▶ _Aim of the task_
Give the entries again exactly; drop the pictures.

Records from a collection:
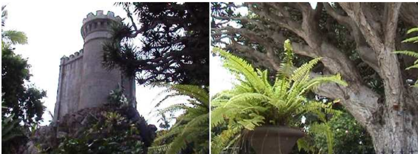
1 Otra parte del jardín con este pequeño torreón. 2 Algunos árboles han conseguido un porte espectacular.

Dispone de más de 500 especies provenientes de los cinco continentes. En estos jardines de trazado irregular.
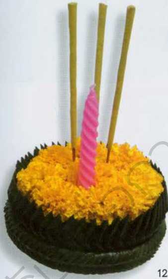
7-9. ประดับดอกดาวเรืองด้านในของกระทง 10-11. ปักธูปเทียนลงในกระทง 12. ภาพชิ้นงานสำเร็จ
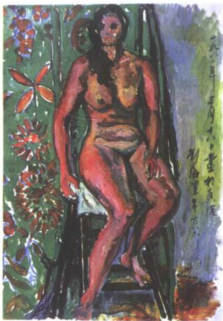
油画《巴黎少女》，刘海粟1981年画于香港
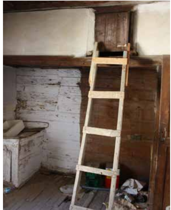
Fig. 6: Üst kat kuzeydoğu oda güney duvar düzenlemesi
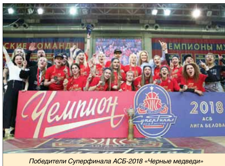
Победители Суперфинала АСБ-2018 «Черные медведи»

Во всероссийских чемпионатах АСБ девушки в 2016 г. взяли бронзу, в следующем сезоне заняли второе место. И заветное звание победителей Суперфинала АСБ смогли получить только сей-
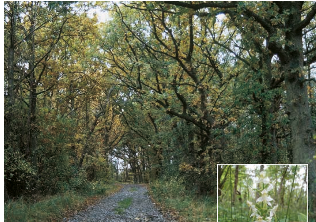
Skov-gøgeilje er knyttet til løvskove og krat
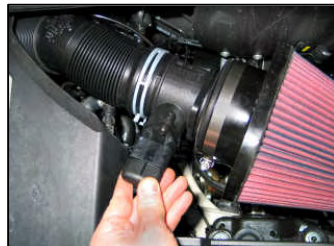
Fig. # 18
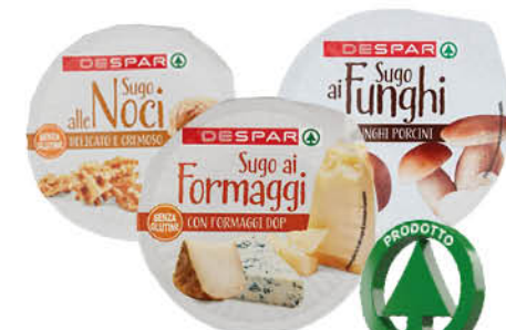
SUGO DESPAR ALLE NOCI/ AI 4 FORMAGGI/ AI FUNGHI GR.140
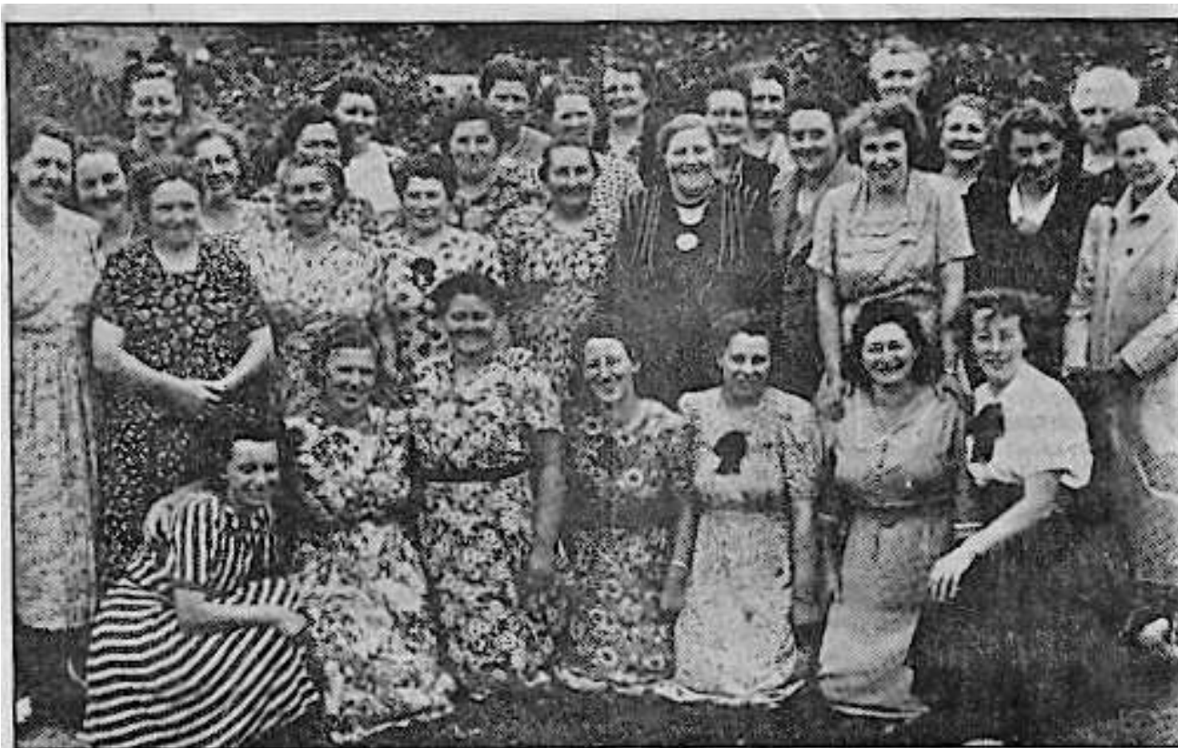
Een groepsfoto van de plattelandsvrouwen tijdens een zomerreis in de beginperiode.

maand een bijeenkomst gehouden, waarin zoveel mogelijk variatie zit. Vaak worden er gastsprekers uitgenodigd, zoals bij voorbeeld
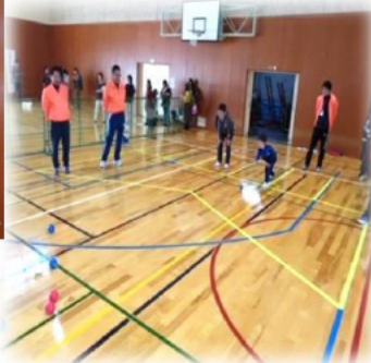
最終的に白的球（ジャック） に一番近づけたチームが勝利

▶ _Your response_
1 Otra parte del jardín con este pequeño torreón. 2 Algunos árboles han conseguido un porte espectacular.

Dispone de más de 500 especies provenientes de los cinco continentes. En estos jardines de trazado irregular.
7-9. ประดับดอกดาวเรืองด้านในของกระทง 10-11. ปักธูปเทียนลงในกระทง 12. ภาพชิ้นงานสำเร็จ
油画《巴黎少女》，刘海粟1981年画于香港
Fig. 6: Üst kat kuzeydoğu oda güney duvar düzenlemesi
Победители Суперфинала АСБ-2018 «Черные медведи»

Во всероссийских чемпионатах АСБ девушки в 2016 г. взяли бронзу, в следующем сезоне заняли второе место. И заветное звание победителей Суперфинала АСБ смогли получить только сей-
Skov-gøgeilje er knyttet til løvskove og krat
Fig. # 18
SUGO DESPAR ALLE NOCI/ AI 4 FORMAGGI/ AI FUNGHI GR.140
Een groepsfoto van de plattelandsvrouwen tijdens een zomerreis in de beginperiode.

maand een bijeenkomst gehouden, waarin zoveel mogelijk variatie zit. Vaak worden er gastsprekers uitgenodigd, zoals bij voorbeeld
最終的に白的球（ジャック） に一番近づけたチームが勝利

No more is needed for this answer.